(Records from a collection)
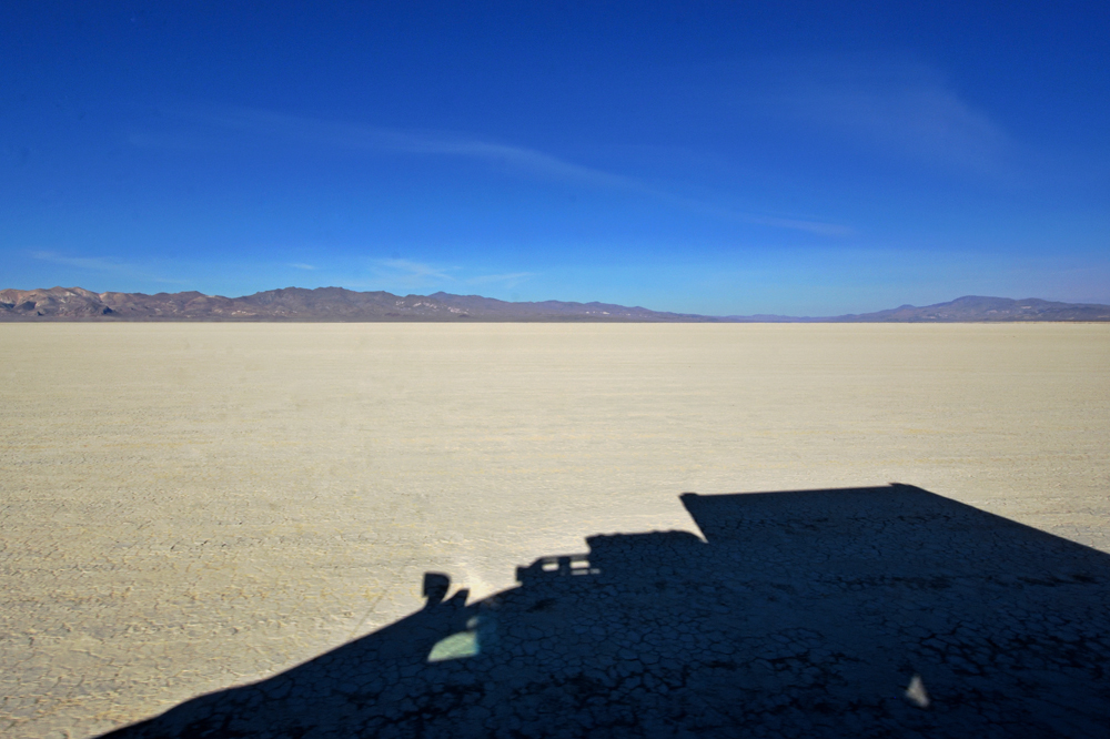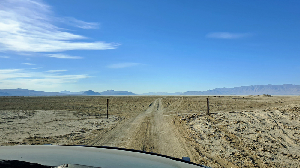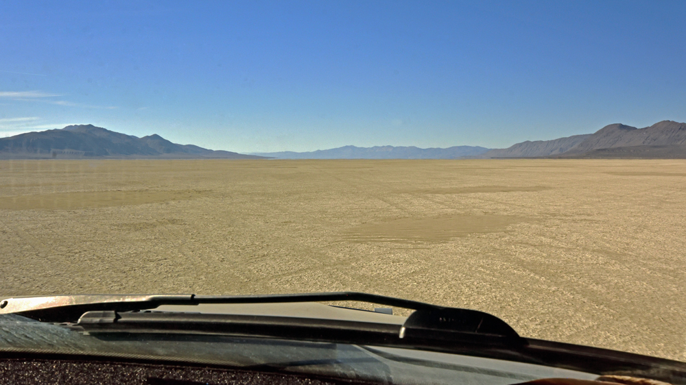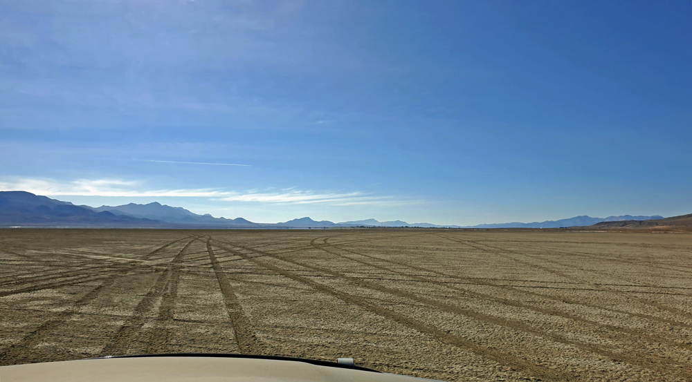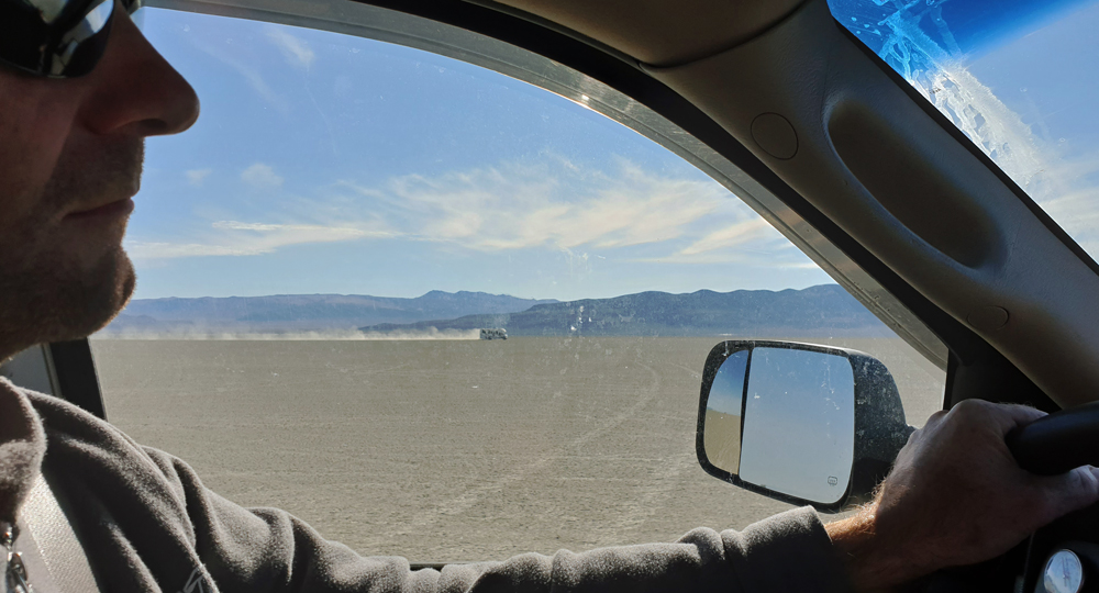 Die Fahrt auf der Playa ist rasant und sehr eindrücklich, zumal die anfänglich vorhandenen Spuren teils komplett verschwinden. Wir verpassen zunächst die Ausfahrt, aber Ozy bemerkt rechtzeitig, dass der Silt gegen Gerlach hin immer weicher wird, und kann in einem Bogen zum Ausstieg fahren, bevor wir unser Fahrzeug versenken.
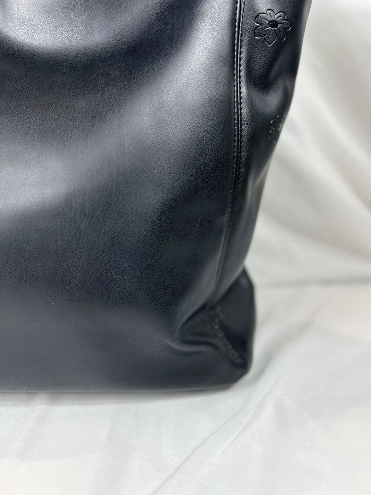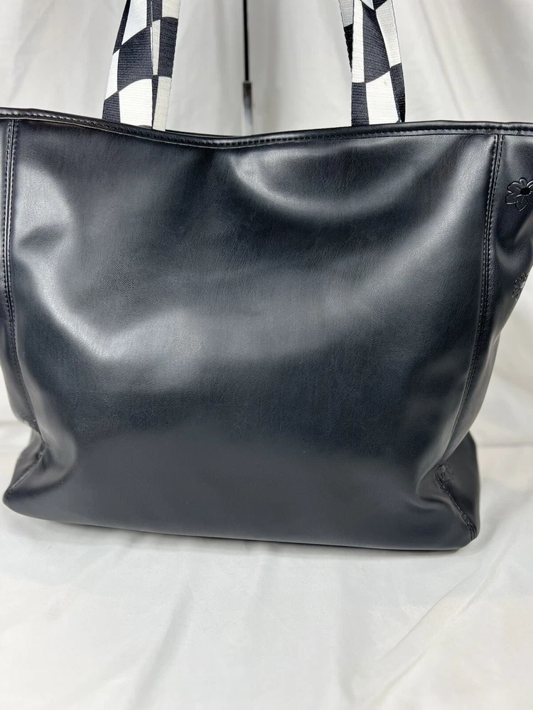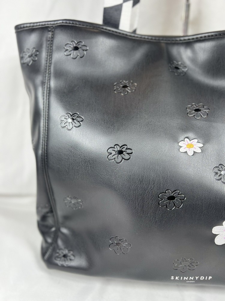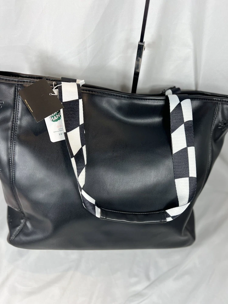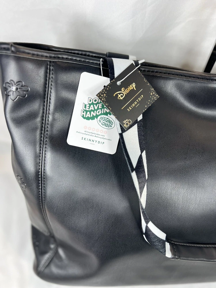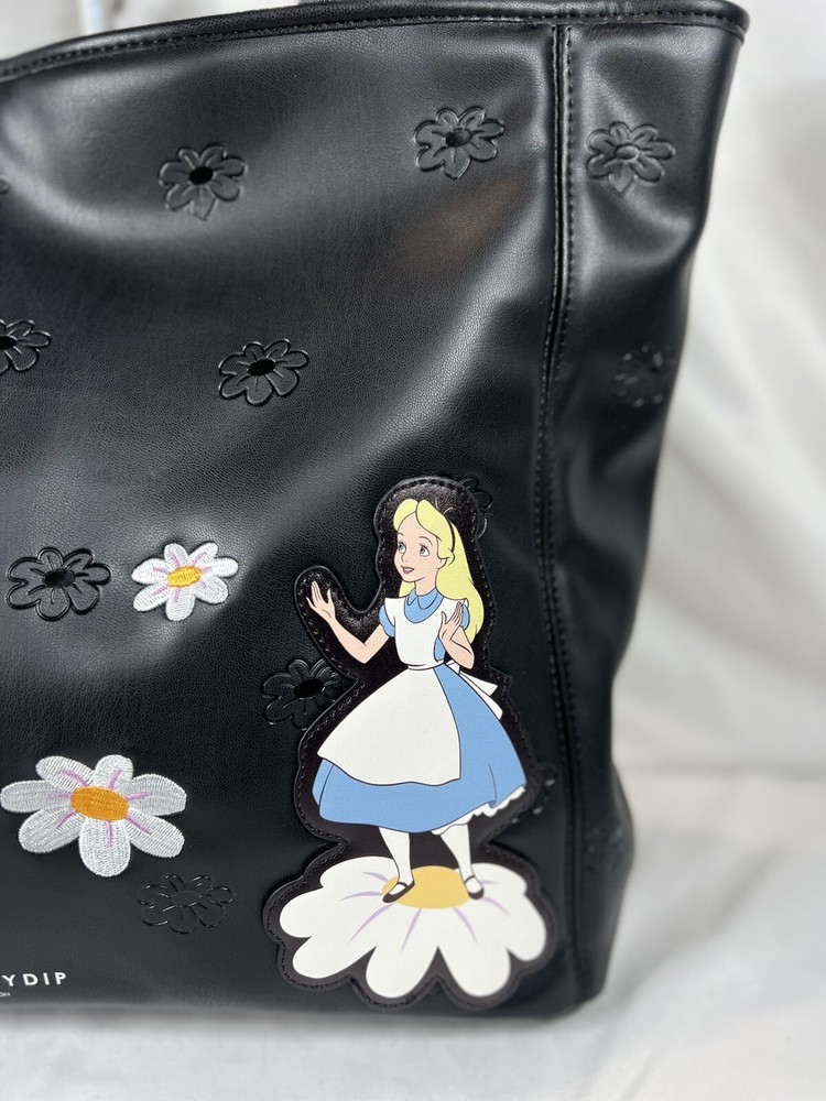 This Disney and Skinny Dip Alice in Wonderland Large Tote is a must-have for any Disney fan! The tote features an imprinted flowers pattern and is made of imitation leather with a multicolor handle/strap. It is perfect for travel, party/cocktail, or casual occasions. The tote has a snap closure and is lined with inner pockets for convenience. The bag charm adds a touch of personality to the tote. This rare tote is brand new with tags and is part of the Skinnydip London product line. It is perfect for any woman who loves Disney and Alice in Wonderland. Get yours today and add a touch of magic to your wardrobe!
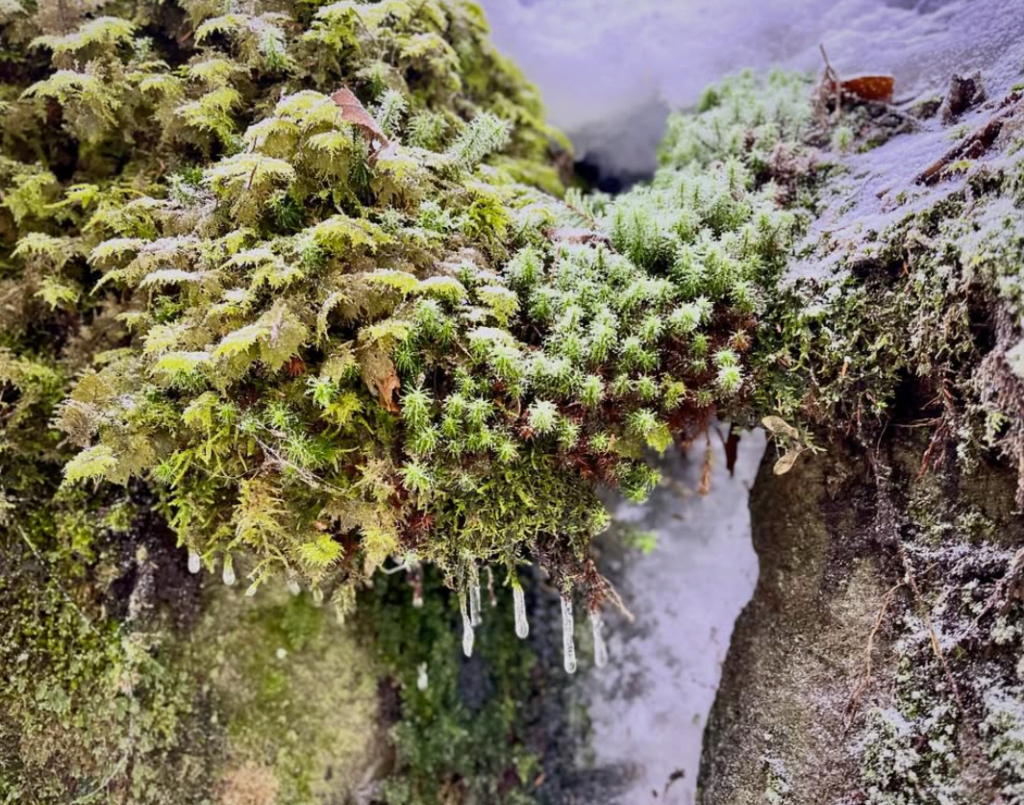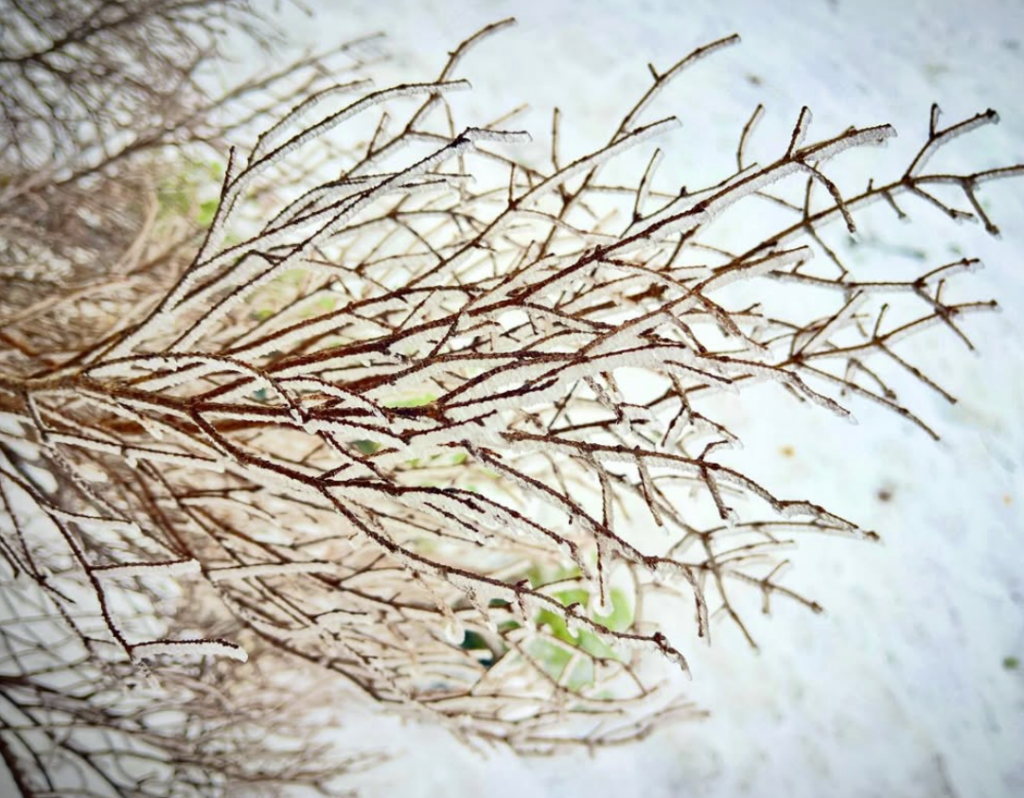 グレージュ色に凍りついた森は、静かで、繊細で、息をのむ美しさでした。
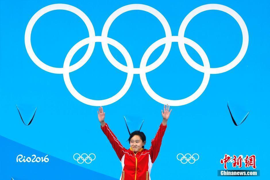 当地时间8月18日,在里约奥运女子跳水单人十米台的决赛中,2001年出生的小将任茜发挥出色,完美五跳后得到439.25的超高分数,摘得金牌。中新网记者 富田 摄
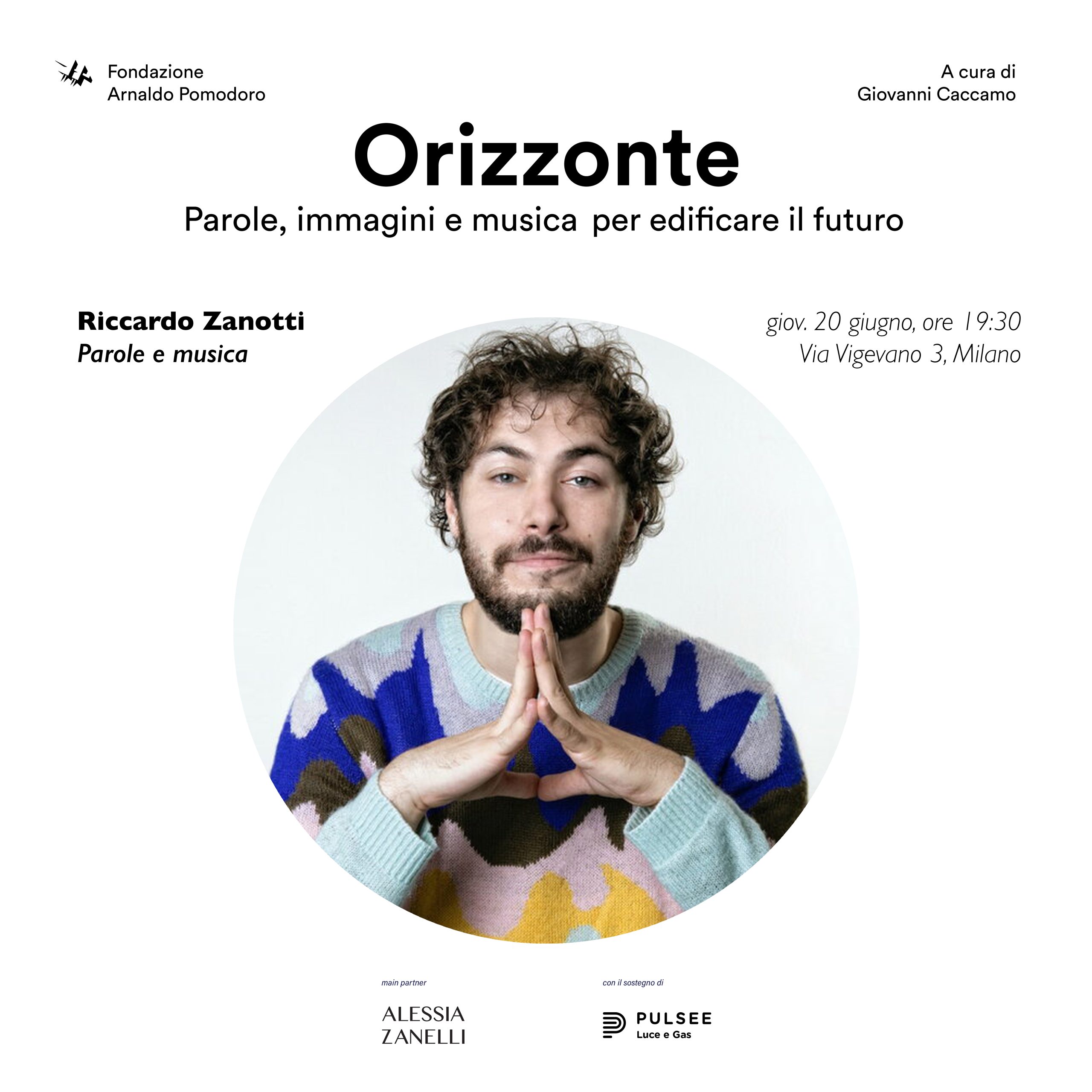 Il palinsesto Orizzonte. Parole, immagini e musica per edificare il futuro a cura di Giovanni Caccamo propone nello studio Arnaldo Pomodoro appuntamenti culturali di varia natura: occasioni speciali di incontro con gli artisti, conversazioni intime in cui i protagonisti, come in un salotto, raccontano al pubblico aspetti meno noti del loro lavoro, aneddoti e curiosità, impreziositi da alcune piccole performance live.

EXERCISE GOAL: Go through the entries and retype them exactly, except for the images.

YOUR SOLUTION:
 Die Fahrt auf der Playa ist rasant und sehr eindrücklich, zumal die anfänglich vorhandenen Spuren teils komplett verschwinden. Wir verpassen zunächst die Ausfahrt, aber Ozy bemerkt rechtzeitig, dass der Silt gegen Gerlach hin immer weicher wird, und kann in einem Bogen zum Ausstieg fahren, bevor wir unser Fahrzeug versenken.
 This Disney and Skinny Dip Alice in Wonderland Large Tote is a must-have for any Disney fan! The tote features an imprinted flowers pattern and is made of imitation leather with a multicolor handle/strap. It is perfect for travel, party/cocktail, or casual occasions. The tote has a snap closure and is lined with inner pockets for convenience. The bag charm adds a touch of personality to the tote. This rare tote is brand new with tags and is part of the Skinnydip London product line. It is perfect for any woman who loves Disney and Alice in Wonderland. Get yours today and add a touch of magic to your wardrobe!
 グレージュ色に凍りついた森は、静かで、繊細で、息をのむ美しさでした。
 当地时间8月18日,在里约奥运女子跳水单人十米台的决赛中,2001年出生的小将任茜发挥出色,完美五跳后得到439.25的超高分数,摘得金牌。中新网记者 富田 摄
 Il palinsesto Orizzonte. Parole, immagini e musica per edificare il futuro a cura di Giovanni Caccamo propone nello studio Arnaldo Pomodoro appuntamenti culturali di varia natura: occasioni speciali di incontro con gli artisti, conversazioni intime in cui i protagonisti, come in un salotto, raccontano al pubblico aspetti meno noti del loro lavoro, aneddoti e curiosità, impreziositi da alcune piccole performance live.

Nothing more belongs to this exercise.